THE DATA: Begin

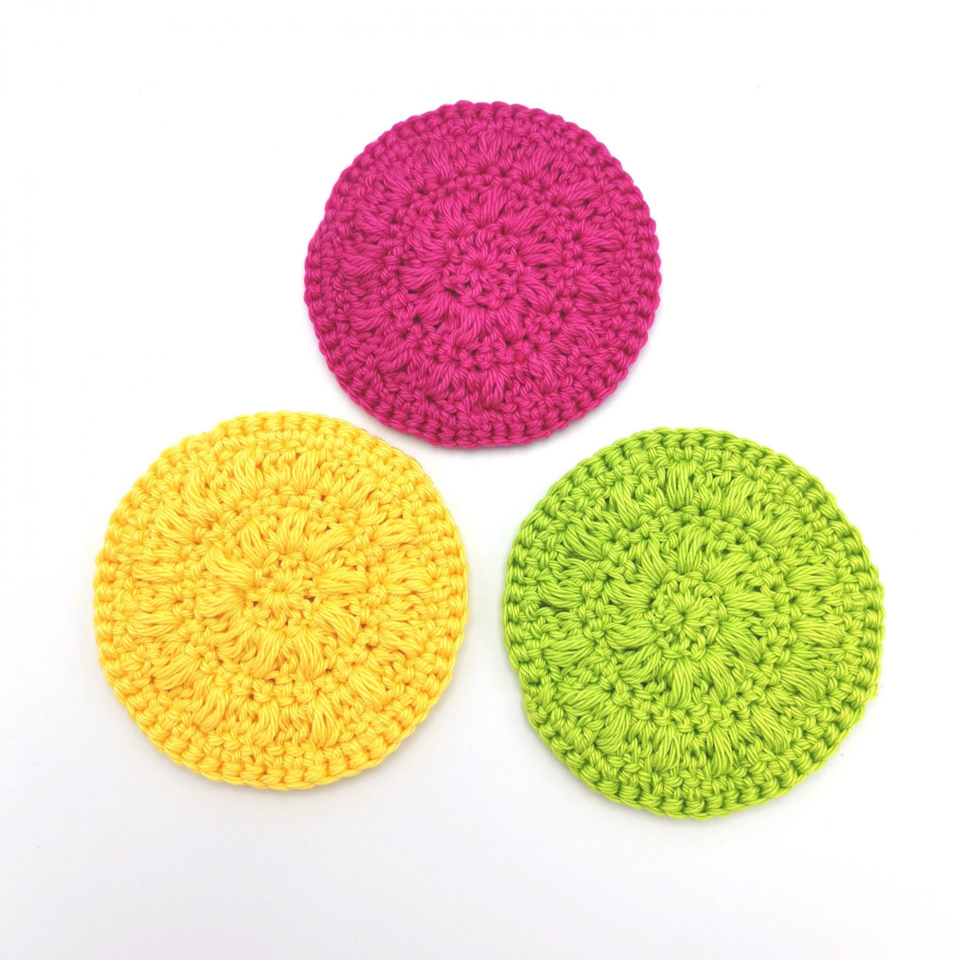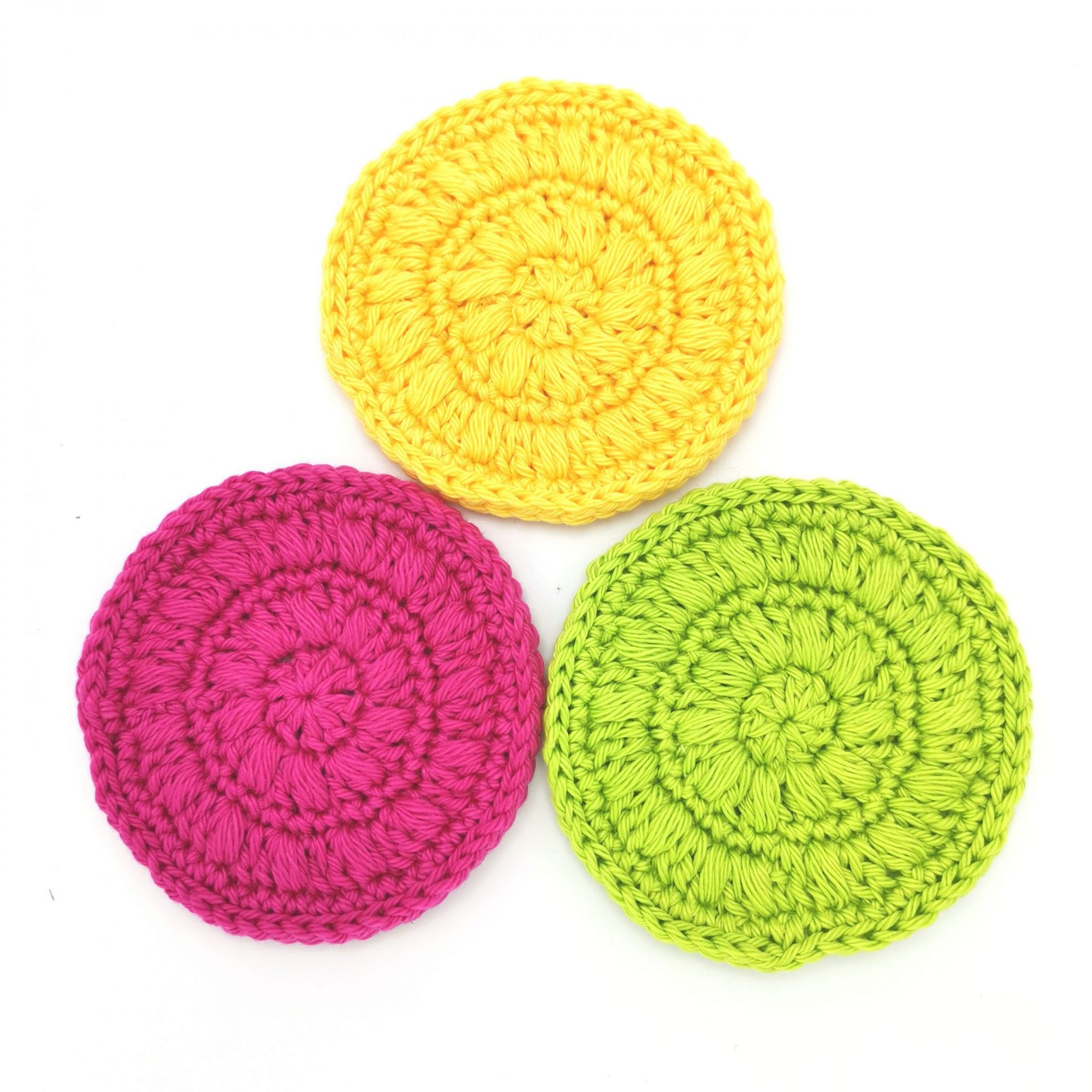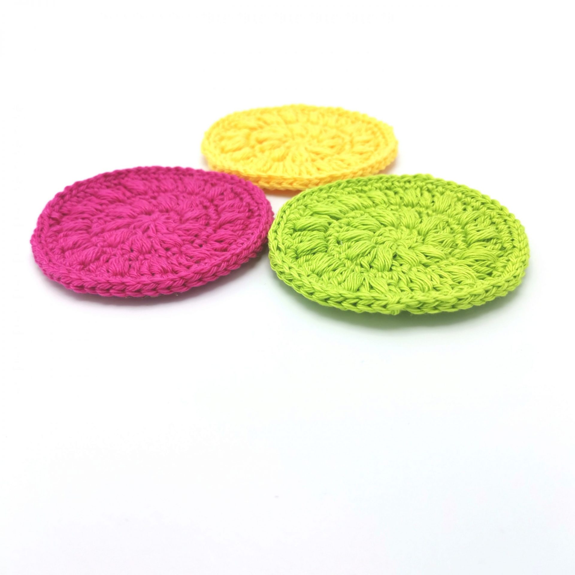 Dischetele sunt crosetate manual din bumbac 100 % si au un diametru de aproximativ 7 cm.
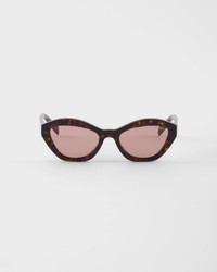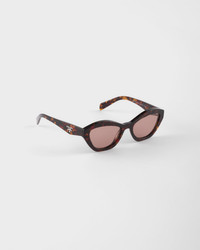 Acetate sunglasses with a feminine cat-eye silhouette. The geometric temples are emphasized by a refined play of bonded layers highlighting the iconic triangle logo in a contrasting color. - Product code: SPRA02_E17N_FE60B_C_052 - Recycled bio-acetate frame front - Color: Briarwood Tortoiseshell - Frame compatible with graduated lenses - 100% UVA / UVB protection - Standard Fit - Lens-nose-temple measurement: 52-19-140 mm - Article comes with dedicated packaging - Other available colors - Imported MATERIALS Acetate
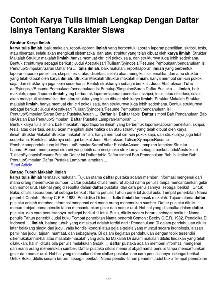 Contoh karya ilmiah berisi karya ilmiah berbagai bidang penelitian✅ yang bisa digunakan sebagai referensi untuk membuat pkm, kti contoh 3. Karya tulis ilmiah tentang pendidikan karakter. Karya tulis ilmiah adalah suatu karya tulis yang dapat dibuat untuk bisa memecahkan sebuah permasalahan dengan berdasarkan teori dan juga metode ilmiah. Kali ini kita akan membahas sebuah materi pembelajaran bahasa indonesia untuk tingkatan smp / mts, sma/ma/smk yaitu mengenai karya tulis ilmiah. Karya tulis ini berjudul pencemaran lingkungan hidup. Ini saya kasih contoh karya tulis ilmiah….tentang dampak globalisasi terhadap pendidikan. By yunia rlposted on july 27, 2021. Contoh karya tulis di atas terdiri dari 3 poin utama yang ada dalam karya tulis ilmiah yakni pendahuluan, pembahasan dan penutup. Langsung saja inilah 10 contoh karya tulis ilmiah (kti) 6. Berikut contoh slide lkti yang sudah teruji dan berhasil merebut juara 2 lkti muhammadiyah education award 2018 di malang.dengan tema pendidikan karakter. Berikut admin karyatulisilmiah.com akan membagikan contoh judul karya tulis ilmiah dalam bentuk makalah untuk sahabat yang membutuhkan contoh contoh judul makalah untuk tugas kampus atau. Posted on januari 3, 2014 by lilikmudrikafazrin. 2.3k likes · 10 talking about this.
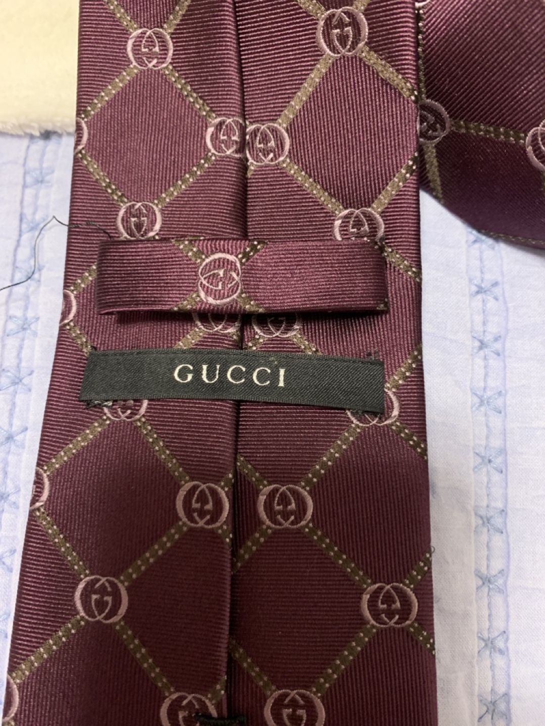 Gucci Tie - Burgundy with GG Pattern

THE DATA: End

### TASK DESCRIPTION
Starting from the first line of the listing above, write out every line exactly through the one containing "Acetate sunglasses with", and drop the pictures.

### EXERCISE RESPONSE
 Dischetele sunt crosetate manual din bumbac 100 % si au un diametru de aproximativ 7 cm.
 Acetate sunglasses with a feminine cat-eye silhouette. The geometric temples are emphasized by a refined play of bonded layers highlighting the iconic triangle logo in a contrasting color. - Product code: SPRA02_E17N_FE60B_C_052 - Recycled bio-acetate frame front - Color: Briarwood Tortoiseshell - Frame compatible with graduated lenses - 100% UVA / UVB protection - Standard Fit - Lens-nose-temple measurement: 52-19-140 mm - Article comes with dedicated packaging - Other available colors - Imported MATERIALS Acetate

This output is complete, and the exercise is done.